* ABOUT THIS TASK
In the entries that follow, repeat exactly the lines from the one that has "We continued through" through the one that has "Haulotte will also", but omit pictures.

* INFORMATION
******************************
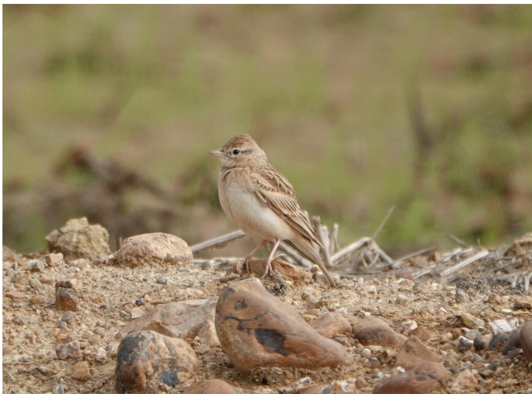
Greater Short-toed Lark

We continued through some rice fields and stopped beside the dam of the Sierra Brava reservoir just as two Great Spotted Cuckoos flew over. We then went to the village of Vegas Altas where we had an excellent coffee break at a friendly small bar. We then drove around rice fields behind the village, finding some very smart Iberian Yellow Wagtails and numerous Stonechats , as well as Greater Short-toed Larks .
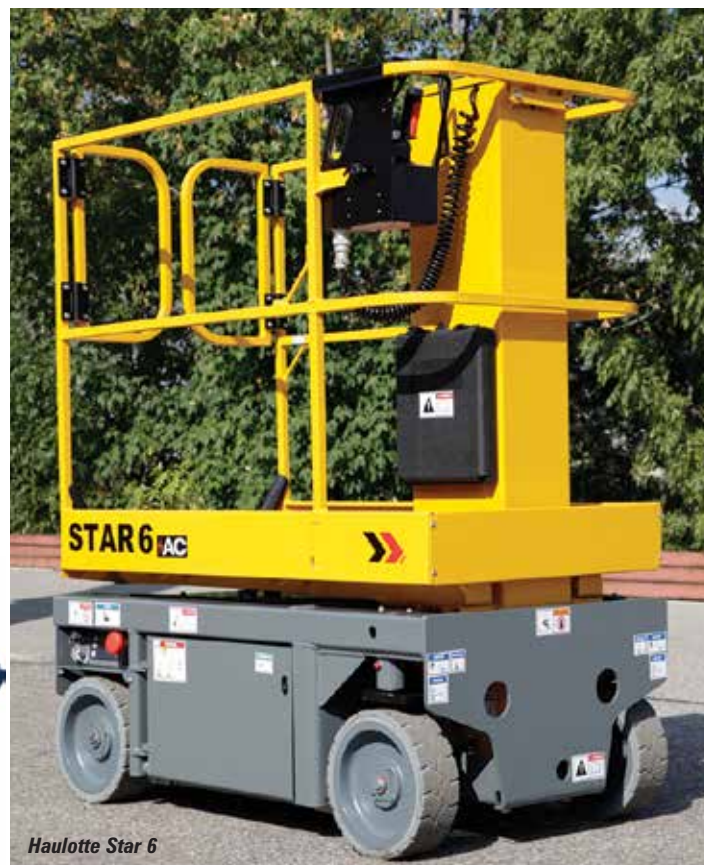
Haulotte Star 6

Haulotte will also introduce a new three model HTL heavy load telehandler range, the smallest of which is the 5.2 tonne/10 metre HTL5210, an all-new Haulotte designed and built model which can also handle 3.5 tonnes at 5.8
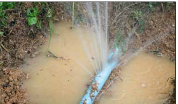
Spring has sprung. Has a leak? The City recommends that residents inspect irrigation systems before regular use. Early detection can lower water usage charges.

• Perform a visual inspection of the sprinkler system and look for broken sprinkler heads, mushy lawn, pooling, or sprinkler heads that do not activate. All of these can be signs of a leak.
******************************
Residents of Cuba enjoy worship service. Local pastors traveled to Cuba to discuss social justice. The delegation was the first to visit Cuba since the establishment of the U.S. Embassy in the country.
******************************
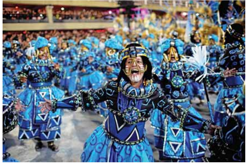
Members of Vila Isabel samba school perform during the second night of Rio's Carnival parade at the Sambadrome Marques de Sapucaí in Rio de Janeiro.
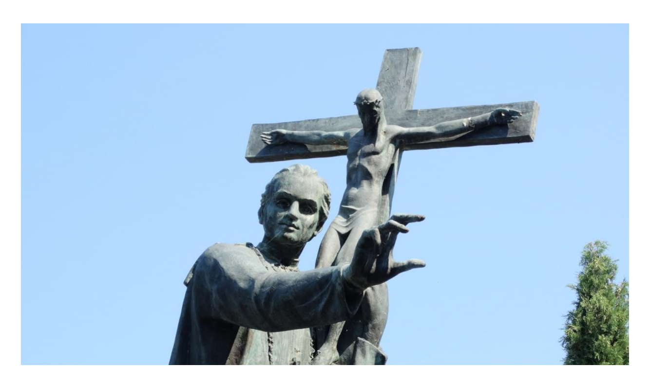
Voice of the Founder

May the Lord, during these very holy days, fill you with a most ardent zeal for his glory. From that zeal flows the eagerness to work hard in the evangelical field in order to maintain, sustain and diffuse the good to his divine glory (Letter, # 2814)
******************************
* ANSWER SECTION
We continued through some rice fields and stopped beside the dam of the Sierra Brava reservoir just as two Great Spotted Cuckoos flew over. We then went to the village of Vegas Altas where we had an excellent coffee break at a friendly small bar. We then drove around rice fields behind the village, finding some very smart Iberian Yellow Wagtails and numerous Stonechats , as well as Greater Short-toed Larks .
Haulotte Star 6

Haulotte will also introduce a new three model HTL heavy load telehandler range, the smallest of which is the 5.2 tonne/10 metre HTL5210, an all-new Haulotte designed and built model which can also handle 3.5 tonnes at 5.8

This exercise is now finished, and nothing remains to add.